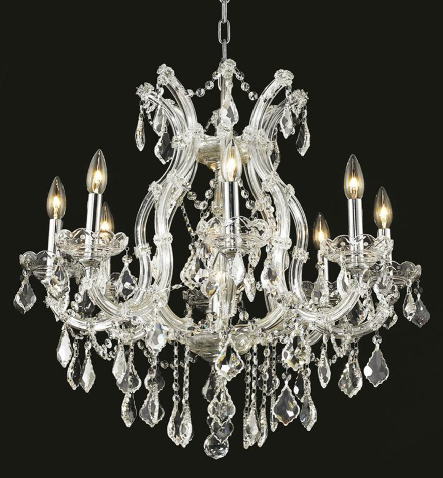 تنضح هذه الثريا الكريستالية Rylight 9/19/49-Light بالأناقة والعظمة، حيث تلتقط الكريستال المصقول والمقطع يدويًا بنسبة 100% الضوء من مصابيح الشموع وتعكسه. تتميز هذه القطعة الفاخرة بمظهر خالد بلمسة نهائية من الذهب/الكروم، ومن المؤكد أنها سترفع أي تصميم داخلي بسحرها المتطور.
==
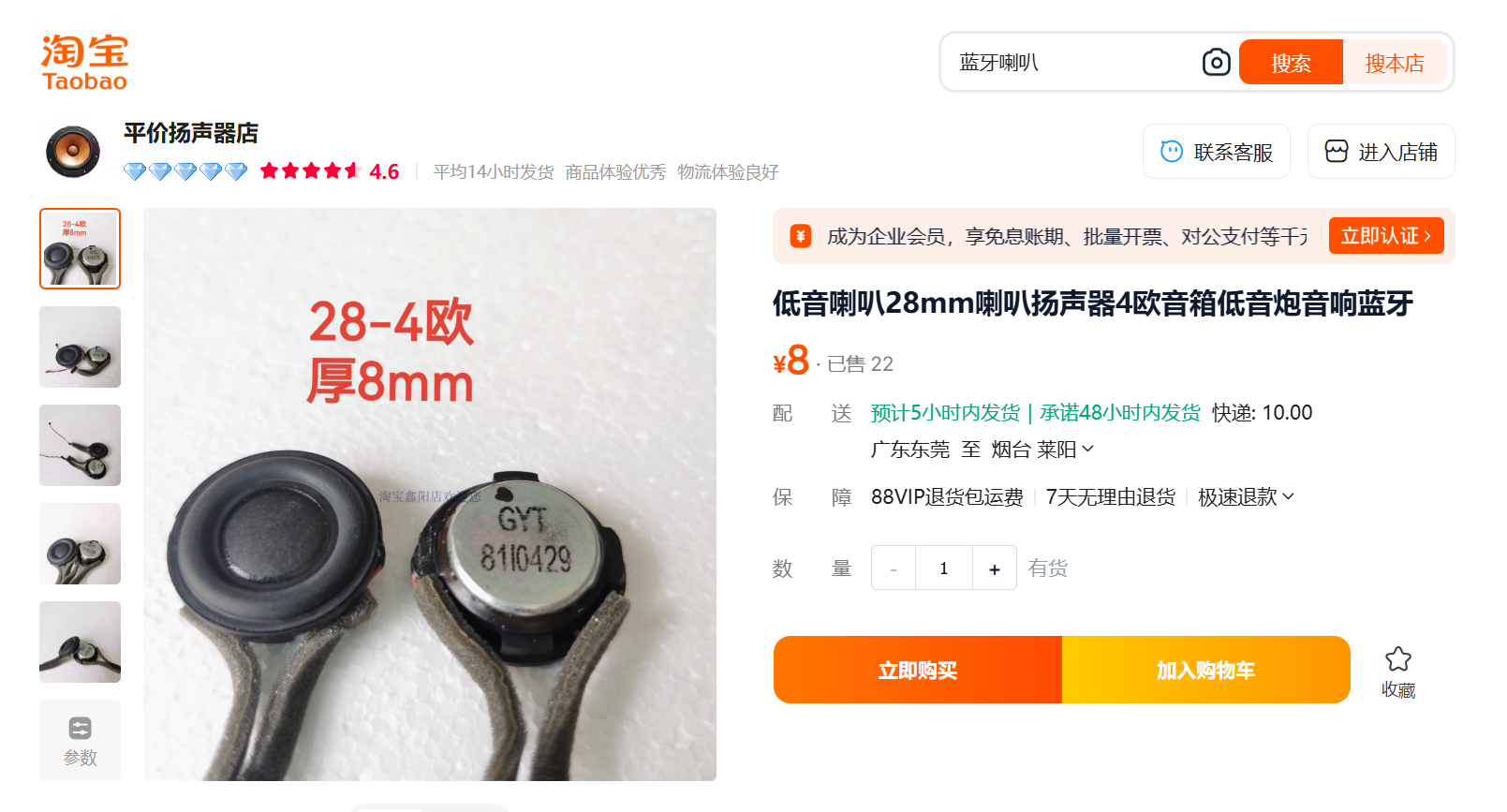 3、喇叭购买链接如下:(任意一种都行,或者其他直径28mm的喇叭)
--
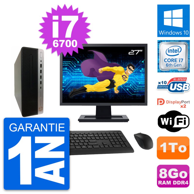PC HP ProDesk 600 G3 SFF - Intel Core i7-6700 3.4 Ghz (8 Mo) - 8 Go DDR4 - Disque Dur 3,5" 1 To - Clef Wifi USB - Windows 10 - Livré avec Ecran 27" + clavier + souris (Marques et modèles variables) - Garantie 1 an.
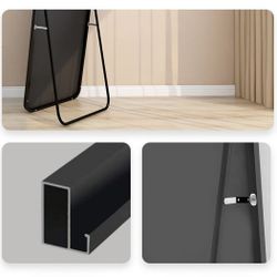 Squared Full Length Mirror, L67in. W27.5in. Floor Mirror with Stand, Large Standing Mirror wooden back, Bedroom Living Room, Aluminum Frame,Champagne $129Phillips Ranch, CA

EXERCISE REQUIREMENTS -> Leaving every picture aside, reproduce exactly the lines above from the one with "PC HP ProDesk" up to and including the one with "Squared Full Length", and no others.

COMPLETED EXERCISE ->
PC HP ProDesk 600 G3 SFF - Intel Core i7-6700 3.4 Ghz (8 Mo) - 8 Go DDR4 - Disque Dur 3,5" 1 To - Clef Wifi USB - Windows 10 - Livré avec Ecran 27" + clavier + souris (Marques et modèles variables) - Garantie 1 an.
 Squared Full Length Mirror, L67in. W27.5in. Floor Mirror with Stand, Large Standing Mirror wooden back, Bedroom Living Room, Aluminum Frame,Champagne $129Phillips Ranch, CA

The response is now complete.